Olive Township is a civil township of Ottawa County in the U.S. state of Michigan. The population was 5,007 at the 2020 census.

== Communities ==
- Crisp was a community formed by Dutch immigrants. It had a post office from 1893 until 1904.
- Harlem Station was a railroad station and area in the southern part of the Township.
- West Olive is an unincorporated community on the western boundary of the township with Port Sheldon Township at . It was platted by R. M. Paget in 1870 and given a post office on November 8, 1870. It was given a station on the Chicago and North Western Transportation Company in 1884. The West Olive ZIP code 49460 serves northern and western portions of Olive Township, as well as most of Port Sheldon Township and the southern portions of Grand Haven and Robinson townships.
- The city of Holland is to the south, Holland's ZIP code, 49424, serves the southern portions of Olive Township.
- The city of Zeeland is to the southeast. Zeeland's ZIP code, 49464, serves the eastern portion of Olive Township.

==Geography==
According to the United States Census Bureau, the township has a total area of 36.2 square miles (93.8 km^{2}), of which 36.2 square miles (93.8 km^{2}) is land and 0.04 square mile (0.1 km^{2}) (0.06%) is water. The Pigeon River flows through the northern part of the township.

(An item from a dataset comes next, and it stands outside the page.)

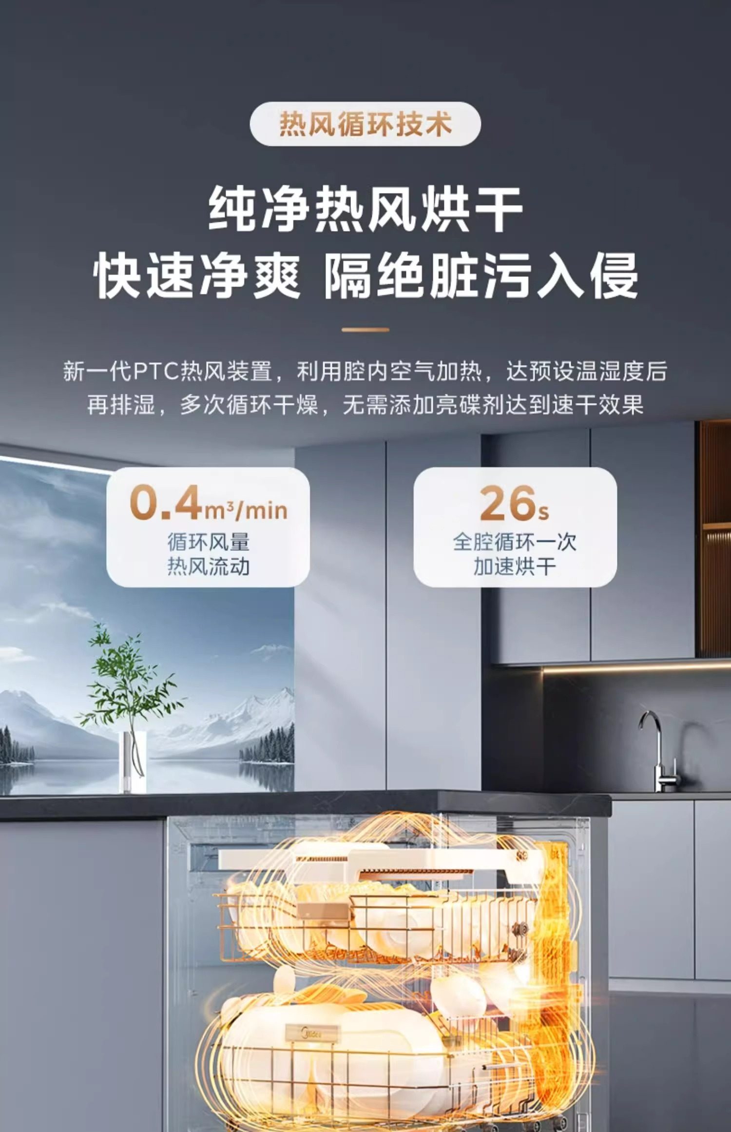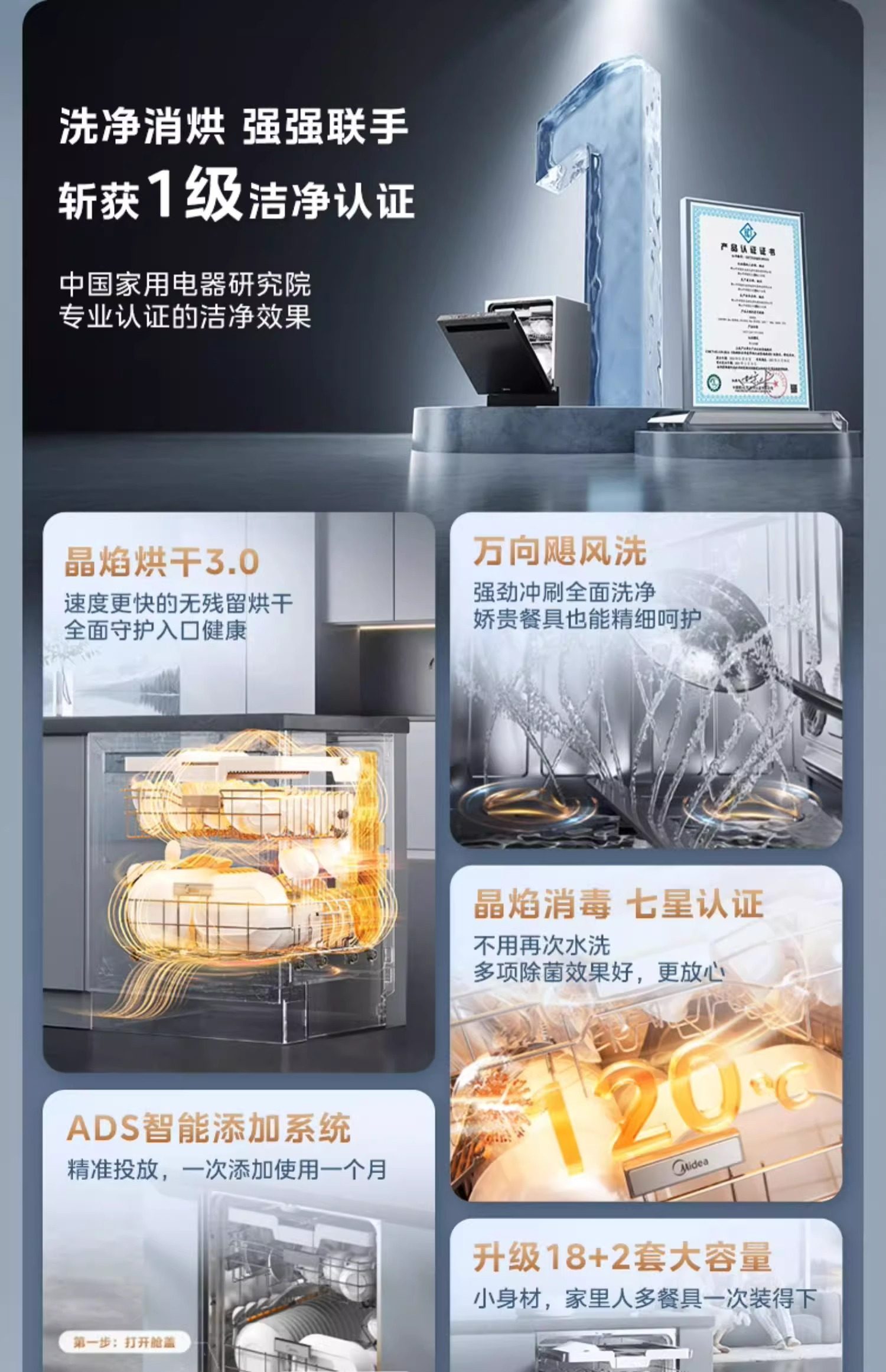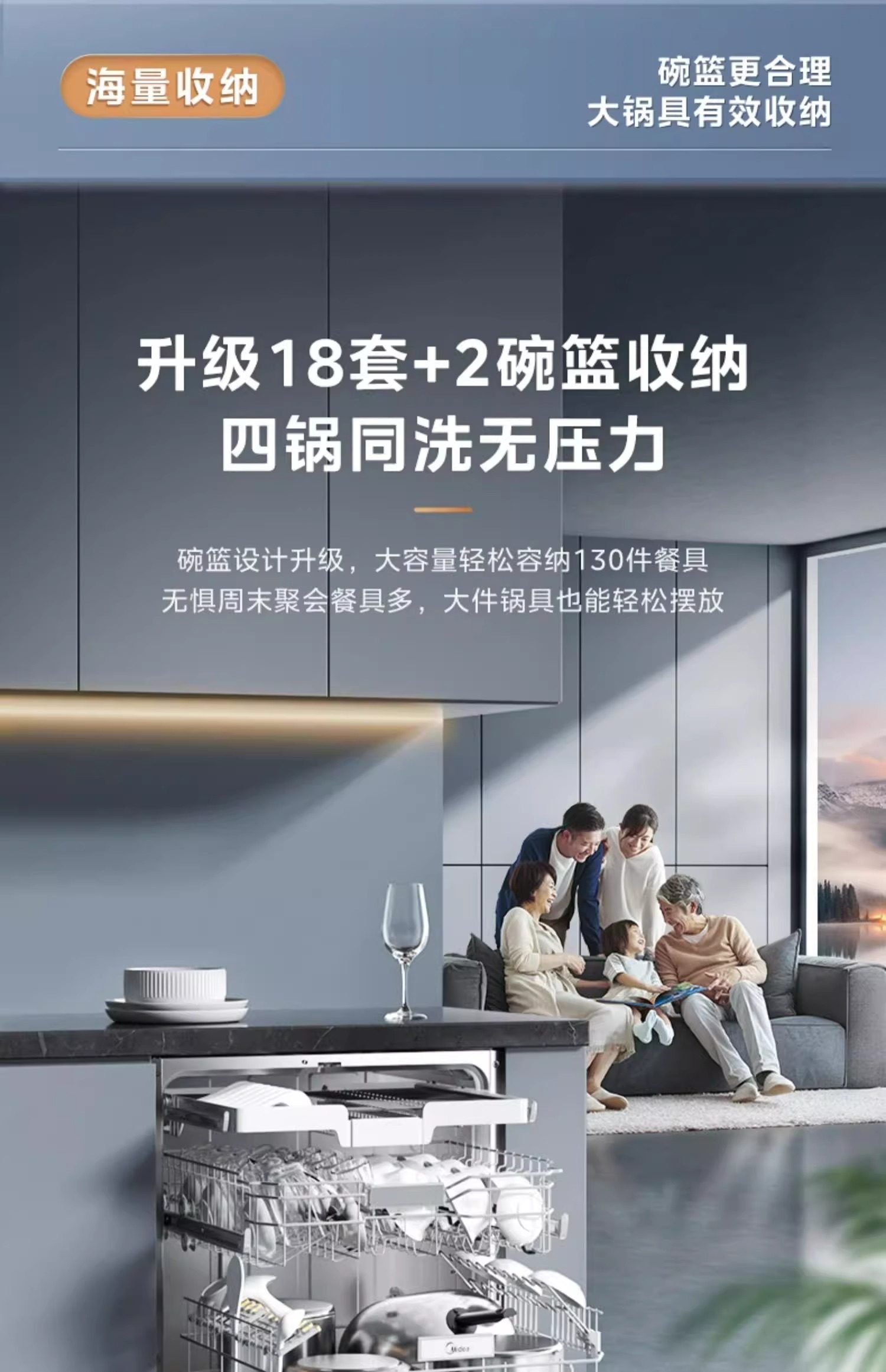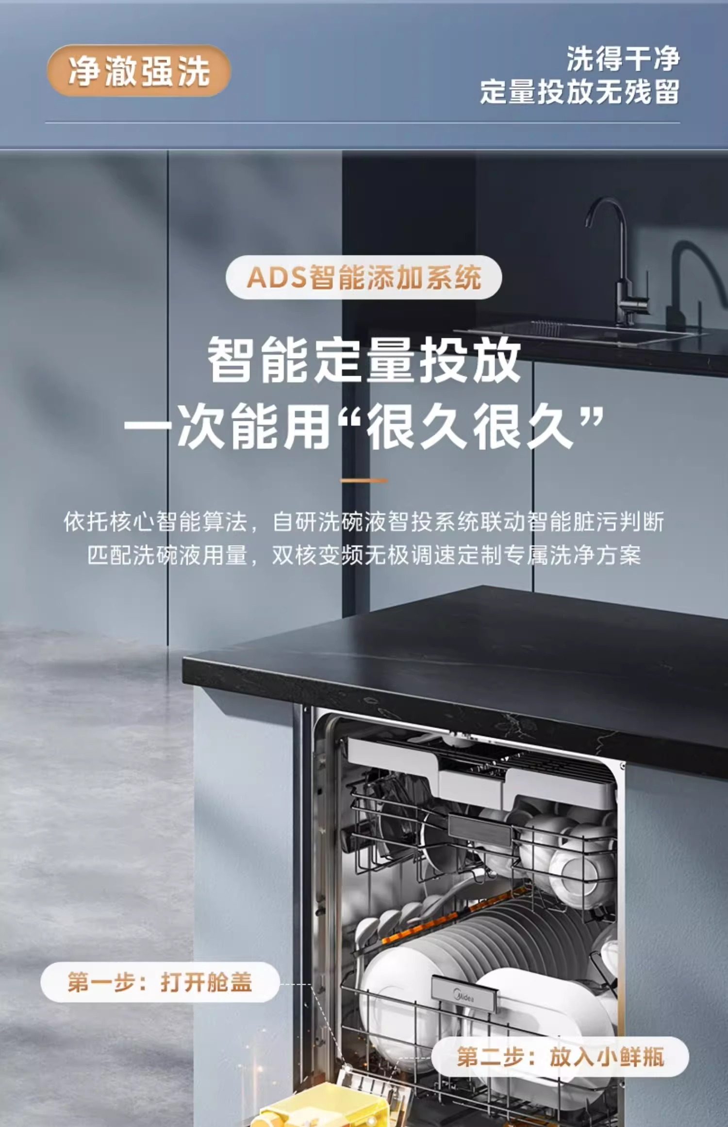 Midea Dishwasher for Home Use, Built-In, Fully Automatic, 18 Sets, Large Capacity, Intelligent Dispensing, Gx1000Smax Premium Edition

=== Ottawa County Fillmore Complex ===
The Ottawa County Fillmore complex is located in Olive Township. The Fillmore complex contains a number of county offices, including the county jail, the sheriff's office, the central dispatch authority, and the county clerk's office.

==Demographics==

As of the census of 2010, there were 4,375 people, 1,406 households, and 1,147 families residing in the township. The population density was 129.6 PD/sqmi. There were 1,414 housing units at an average density of 39.1 /sqmi. The racial makeup of the township was 86.02% White, 2.70% African American, 0.60% Native American, 1.40% Asian, 7.30% from other races, and 1.80% from two or more races. Hispanic or Latino of any race were 13.52% of the population.

There were 1,406 households, out of which 40.3% had children under the age of 18 living with them, 70.3% were married couples living together, 6.2% had a female householder with no husband present, and 18.4% were non-families. 14.3% of all households were made up of individuals, and 15.3% had someone living alone who was 65 years of age or older. The average household size was 3.12 and the average family size was 3.41.

In the township the population was spread out, with 31.3% under the age of 19, 7.2% from 20 to 24, 7.2% from 25 to 29, 47.1% from 30 to 64, and 6.7% who were 65 years of age or older. The median age was 32.8 years.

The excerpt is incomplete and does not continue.